For the marginal analyses, results show Type II errors for violations of perceptual independence. For the probit analyses, they show Type I errors for violations of perceptual independence but only when there is a violation of decisional separability with a continuous decision bound (i.e., when the change in the decision bound from one level to the next is continuous, rather than a step function). When this type of violation of decisional separability occurs, correlations in the response confusion matrix can appear as violations of perceptual independence with the same sign and similar magnitude in all distributions. Table 2 contains the mean correlation estimates from the current experimental data. These correlations are not of the same sign within each set of distributions. It is therefore unlikely that the violations of perceptual independence reported in the probit analysis are Type I errors.
Table 2.
Task | Orientation | Distribution | M | SE | Lower CI | Upper CI | Different from zero | |
---|---|---|---|---|---|---|---|---|
Feature Size | Inverted | X1Y1 | 0.25 | 0.13 | −0.09 | 0.58 | ||
X2Y1 | −0.40 | 0.13 | −0.71 | −0.09 | * | |||
X1Y2 | −0.26 | 0.03 | −0.33 | −0.18 | * | |||
X2Y2 | 0.08 | 0.09 | −0.15 | 0.31 | ||||
Upright | X1Y1 | 0.34 | 0.10 | 0.08 | 0.60 | * | ||
X2Y1 | −0.40 | 0.08 | −0.59 | −0.21 | * | |||
X1Y2 | −0.37 | 0.08 | −0.58 | −0.16 | * | |||
X2Y2 | 0.08 | 0.11 | −0.20 | 0.36 | ||||
Feature Identity | Inverted | X1Y1 | 0.12 | 0.07 | −0.05 | 0.29 | ||
X2Y1 | −0.02 | 0.10 | −0.26 | 0.22 | ||||
X1Y2 | 0.07 | 0.09 | −0.15 | 0.28 | ||||
X2Y2 | −0.02 | 0.06 | −0.16 | 0.13 | ||||
Upright | X1Y1 | 0.19 | 0.08 | 0.00 | 0.38 | |||
X2Y1 | −0.11 | 0.12 | −0.40 | 0.18 | ||||
X1Y2 | −0.09 | 0.07 | −0.28 | 0.10 | ||||
X2Y2 | −0.03 | 0.09 | −0.26 | 0.20 | ||||
Feature Orientation | Inverted | X1Y1 | −0.04 | 0.09 | −0.26 | 0.17 | ||
X2Y1 | −0.10 | 0.05 | −0.23 | 0.03 | ||||
X1Y2 | −0.03 | 0.06 | −0.18 | 0.13 | ||||
X2Y2 | −0.24 | 0.06 | −0.39 | −0.08 | * | |||
Upright | X1Y1 | 0.46 | 0.10 | 0.20 | 0.72 | * | ||
X2Y1 | −0.41 | 0.09 | −0.63 | −0.19 | * | |||
X1Y2 | −0.43 | 0.11 | −0.70 | −0.17 | * | |||
X2Y2 | −0.07 | 0.11 | −0.35 | 0.21 |
We conclude, therefore, that the probit analyses are more sensitive to violations of perceptual independence than are the marginal analyses. Somewhat troublingly for the vernacular conception of configural processing, the violations of perceptual independence we report are found as frequently in inverted as upright faces. Although these results do support the fact that humans do compute between-feature relationships in faces, they do not support the fact that these computations are done for upright but not inverted faces.

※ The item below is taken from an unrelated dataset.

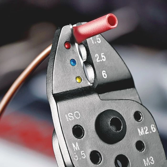 - Voor het knippen van kabels, het afstrippen van draden en het krimpen van geïsoleerde en niet-geïsoleerde kabelschoenen, aansluitstekkers en open aansluitstekkers
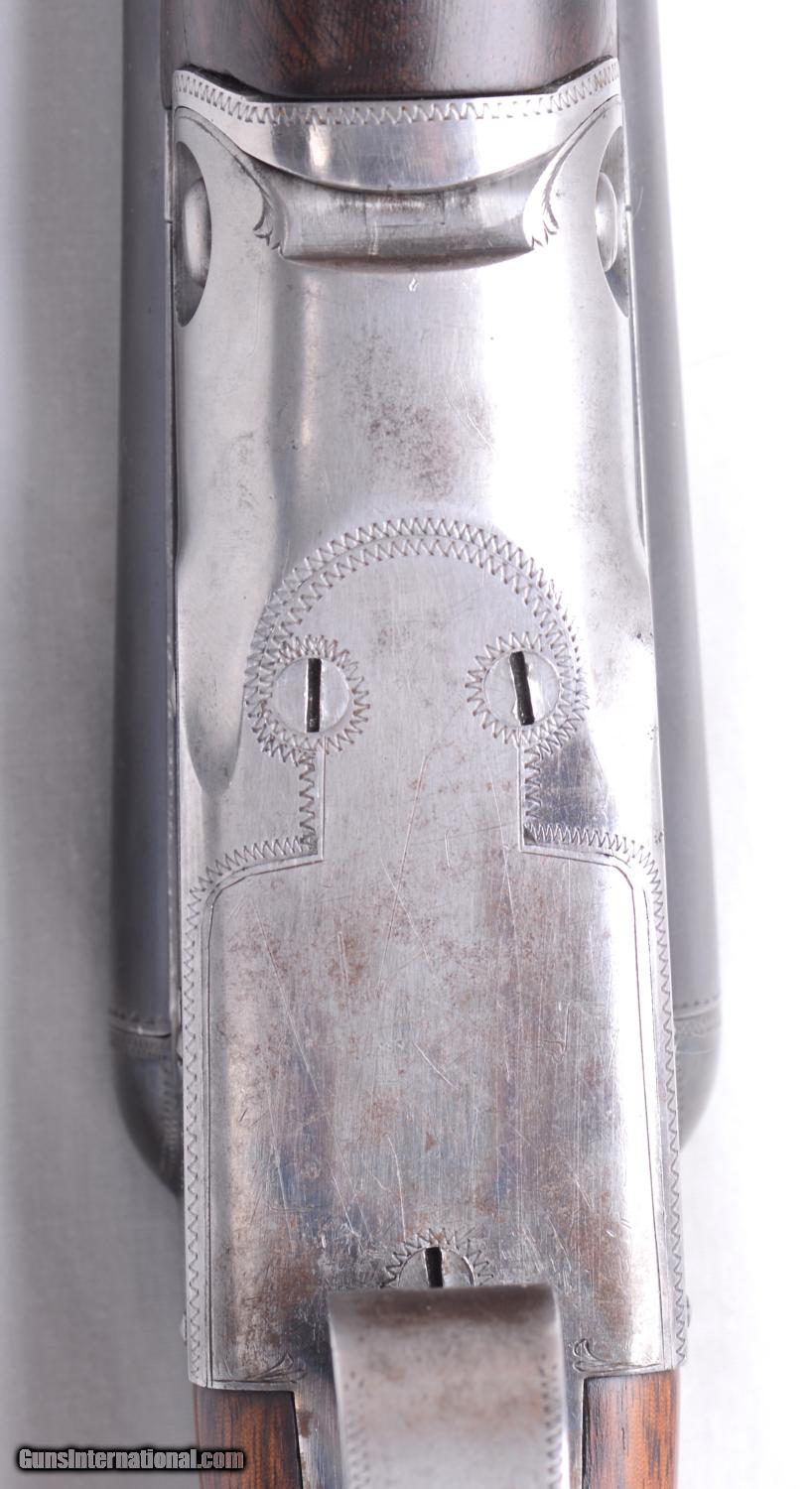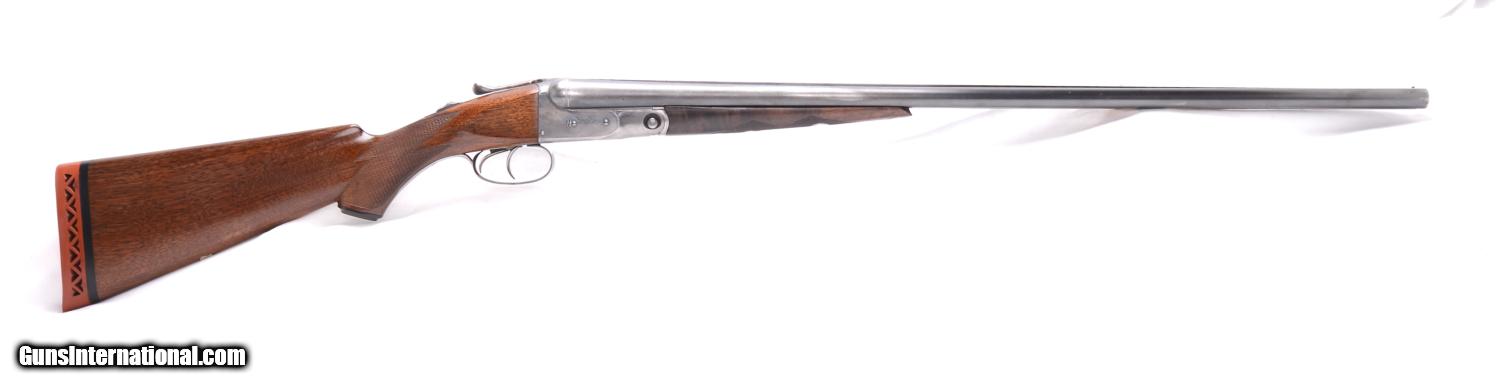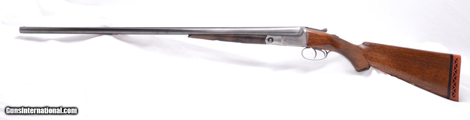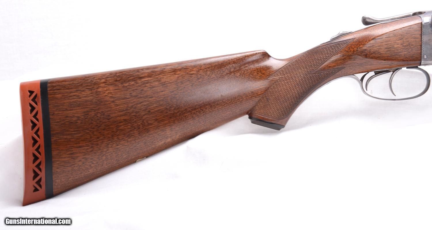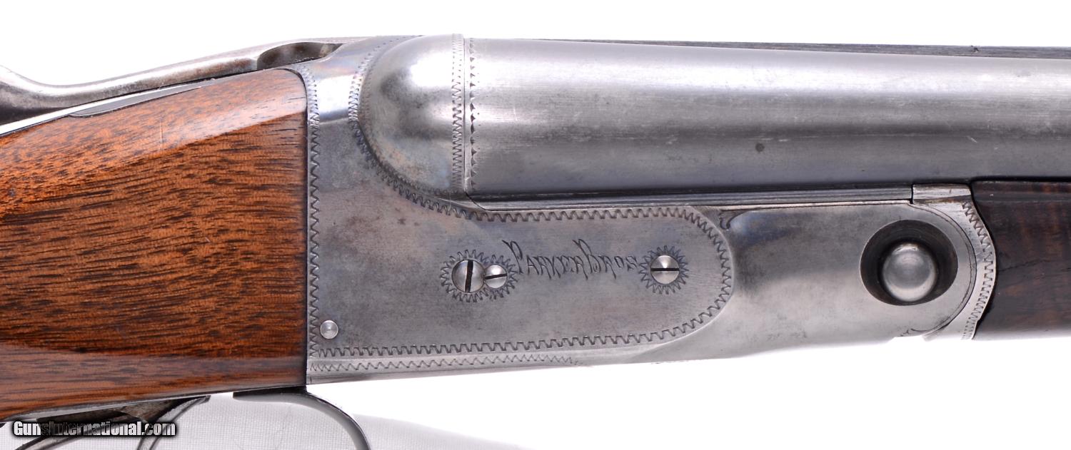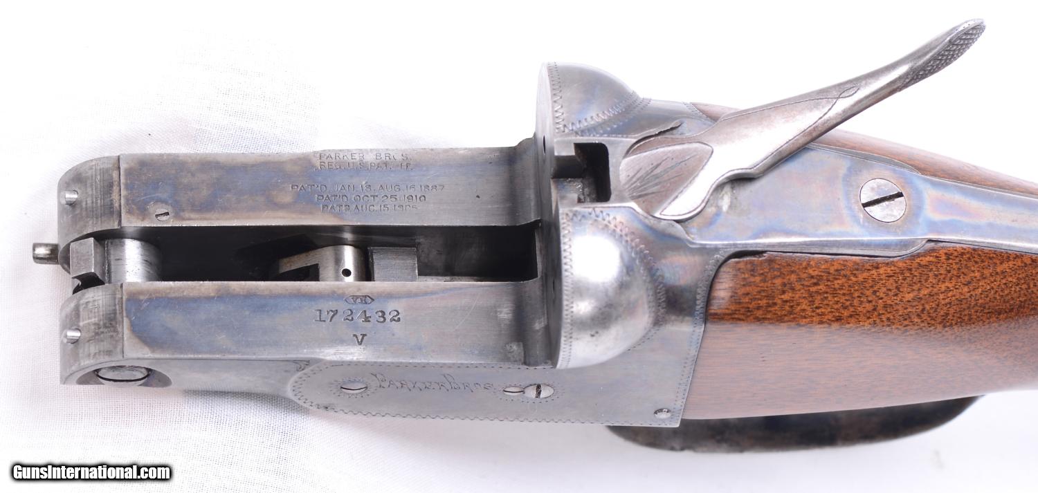 Description: Parker VHE 20 gauge SxS shotgun. Except for the added Hawkins pad this gun is exactly as it should be according to the Parker bookl. 28" solid rib barrels of Vulcan steel choked M/F (.016/.029) with very nice, unaltered .620 left and right bores and they retain 85% original/thinning blue. Original frame retains about 20% case colors, mostly on the sides and under the top lever. Trigger guard shows no original finish. The stock is classic early American shotgun dimensions: 1 1/2" DAC, 3" DAH and 14 3/8" over the 1 1/8" pad with slight left hand cast. Mechanically perfect; auto saftey functions correctly, ejectors are perfectly time and both triggers pull crisply at just over 4 lbs. each. Overall weight is 6 lbs. 3 oz. Great bird gun and fine addition to a Parker collection. SOLD Curio/Relic: Yes |

However, there remains one further possibility that violations of perceptual independence are orientation specific. As is standard, we report the existence of a violation of perceptual independence if at least one (out of four) of the bivariate distributions (i.e., stimulus types) exhibits a significant correlation of its underlying dimensions. It is possible that the orientation specificity of violations of perceptual independence exists in differences in the bivariate distributions that show correlations across dimensions.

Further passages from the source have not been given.